> **INSTRUCTIONS TO FOLLOW**:
Please keep the pictures out and write out exactly the lines from the first in the data below through the one containing "به گزارش سرویس", both included.

> **DATA TO PROCESS**:

----------

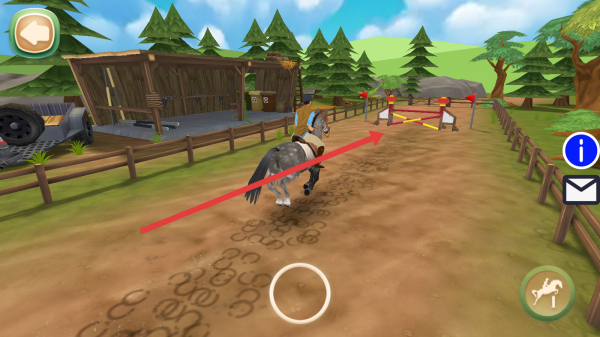 3、日常照顧馬匹喂食、清潔,維持健康值,騎馬闖關中,點擊馬兒和下方圓圈操控馬兒跨越障礙。
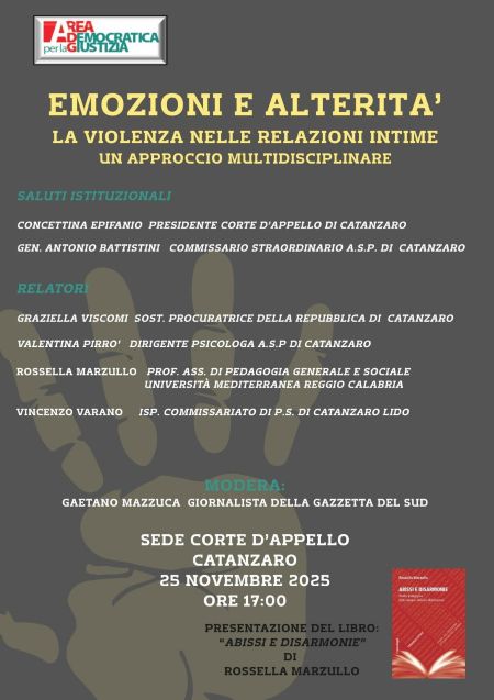 In occasione della Giornata internazionale per l’eliminazione della violenza contro le donne, l’associazione Area Democratica per la Giustizia organizza l’incontro “Emozioni e Alterità: la violenza nelle relazioni intime – Un approccio multidisciplinare”, un momento di confronto dedicato all’analisi dei fenomeni di violenza nelle relazioni affettive, esaminati attraverso prospettive giuridiche, psicologiche e sociali.
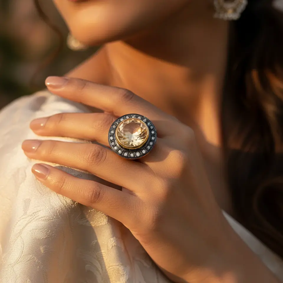 แหวนสไตล์วินเทจสำหรับผู้หญิง ประดับด้วยซิทรินและเพชร ชุบทอง 18K บนสแตนเลสสตีล
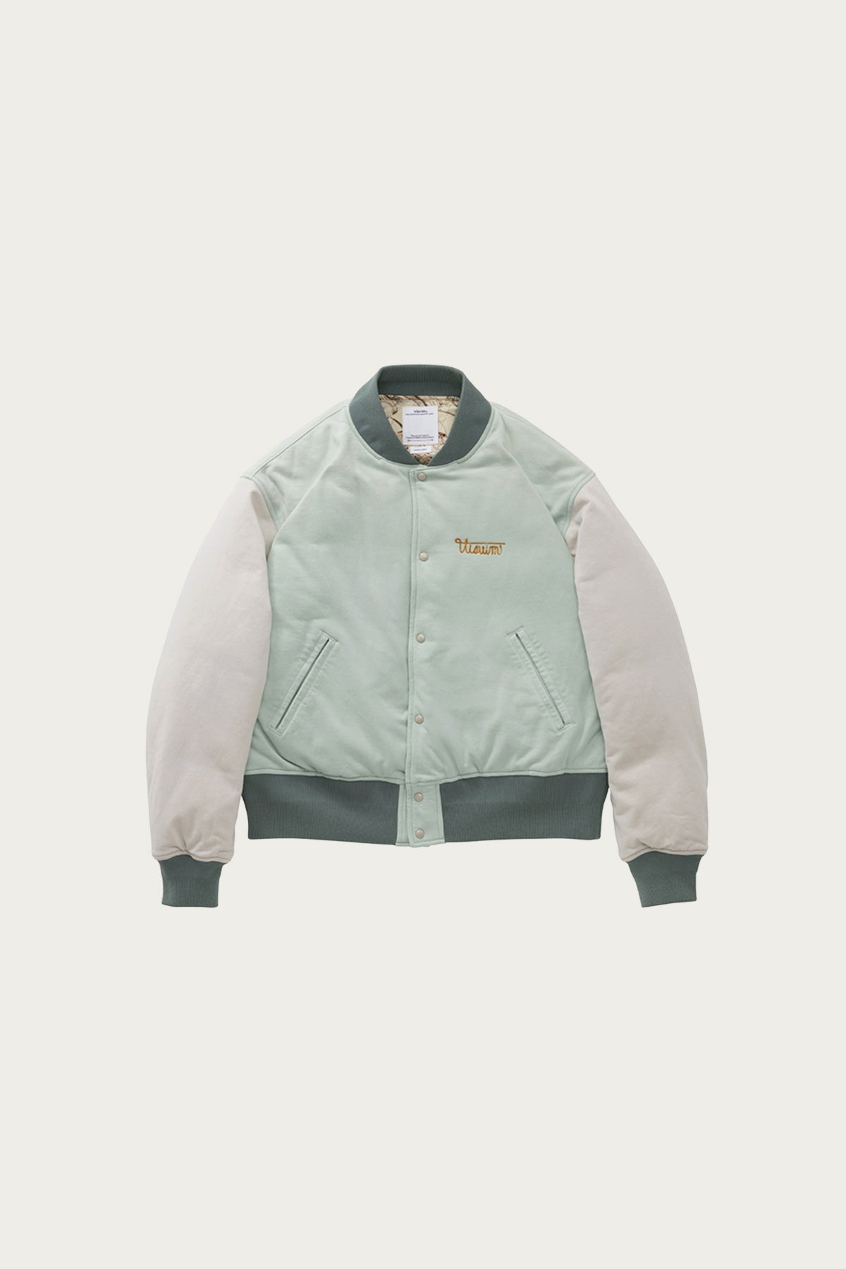 A varsity-inspired down jacket that balances warmth with a streamlined profile. The padded body provides insulation without excessive bulk, while ribbed trim and snap closures maintain a classic athletic feel. Finished with Visvim branding and a smooth lining for comfort.
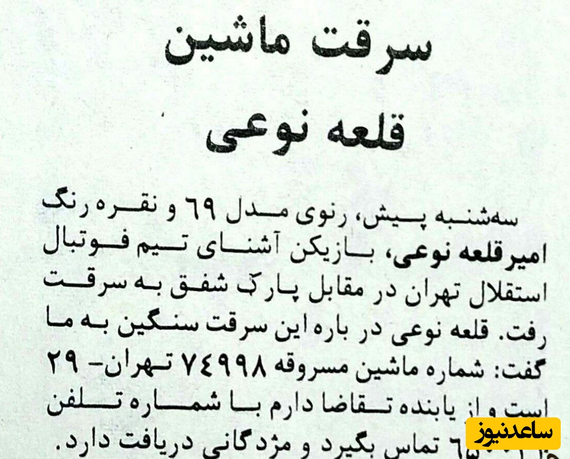 به گزارش سرویس ورزش ساعدنیوز، اوایل سال 1370 بود که امیر قلعه نویی بازیکن آن روزهای استقلال و تیم ملی یکی از اتفاقات بد زندگی شخصی خود را تجربه کرد. اردیبهشت آن سال، خودروی قلعه نویی مورد سرقت قرار گرفت و بازیکن جوان آبیها به عنوان مالباخته ضمن انتشار آگهی گم شدن خودرو، برای پیدا شدن آن مژدگانی در نظر گرفت.
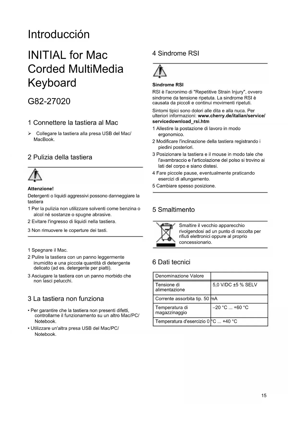 - Utilizzare un'altra presa USB del Mac/PC/ Notebook. 4 Sindrome RSI Sindrome RSI RSI è l'acronimo di "Repetitive Strain Injury", ovvero sindrome da tensione ripetuta. La sindrome RSI è causata da piccoli e continui movimenti ripetuti. Sintomi tipici sono dolori alle dita e alla nuca. Per ulteriori informazioni: www.cherry.de/italian/service/ servicedownload_rsi.htm 1 Allestire la postazione di lavoro in modo ergonomico. 2 Modificare l'inclinazione della tastiera registrando i piedini posteriori. 3 Posizionare la tastiera e il mouse in modo tale che l'avambraccio e l'articolazione del polso si trovino ai lati del corpo e siano distesi. 4 Fare piccole pause, eventualmente praticando esercizi di allungamento. 5 Cambiare spesso posizione. 5 Smaltimento 6 Dati tecnici Smaltire il vecchio apparecchio rivolgendosi ad un punto di raccolta per rifiuti elettronici oppure al proprio concessionario. Denominazione Valore Tensione di alimentazione

----------

> **WORKED SOLUTION**:
 3、日常照顧馬匹喂食、清潔,維持健康值,騎馬闖關中,點擊馬兒和下方圓圈操控馬兒跨越障礙。
 In occasione della Giornata internazionale per l’eliminazione della violenza contro le donne, l’associazione Area Democratica per la Giustizia organizza l’incontro “Emozioni e Alterità: la violenza nelle relazioni intime – Un approccio multidisciplinare”, un momento di confronto dedicato all’analisi dei fenomeni di violenza nelle relazioni affettive, esaminati attraverso prospettive giuridiche, psicologiche e sociali.
 แหวนสไตล์วินเทจสำหรับผู้หญิง ประดับด้วยซิทรินและเพชร ชุบทอง 18K บนสแตนเลสสตีล
 A varsity-inspired down jacket that balances warmth with a streamlined profile. The padded body provides insulation without excessive bulk, while ribbed trim and snap closures maintain a classic athletic feel. Finished with Visvim branding and a smooth lining for comfort.
 به گزارش سرویس ورزش ساعدنیوز، اوایل سال 1370 بود که امیر قلعه نویی بازیکن آن روزهای استقلال و تیم ملی یکی از اتفاقات بد زندگی شخصی خود را تجربه کرد. اردیبهشت آن سال، خودروی قلعه نویی مورد سرقت قرار گرفت و بازیکن جوان آبیها به عنوان مالباخته ضمن انتشار آگهی گم شدن خودرو، برای پیدا شدن آن مژدگانی در نظر گرفت.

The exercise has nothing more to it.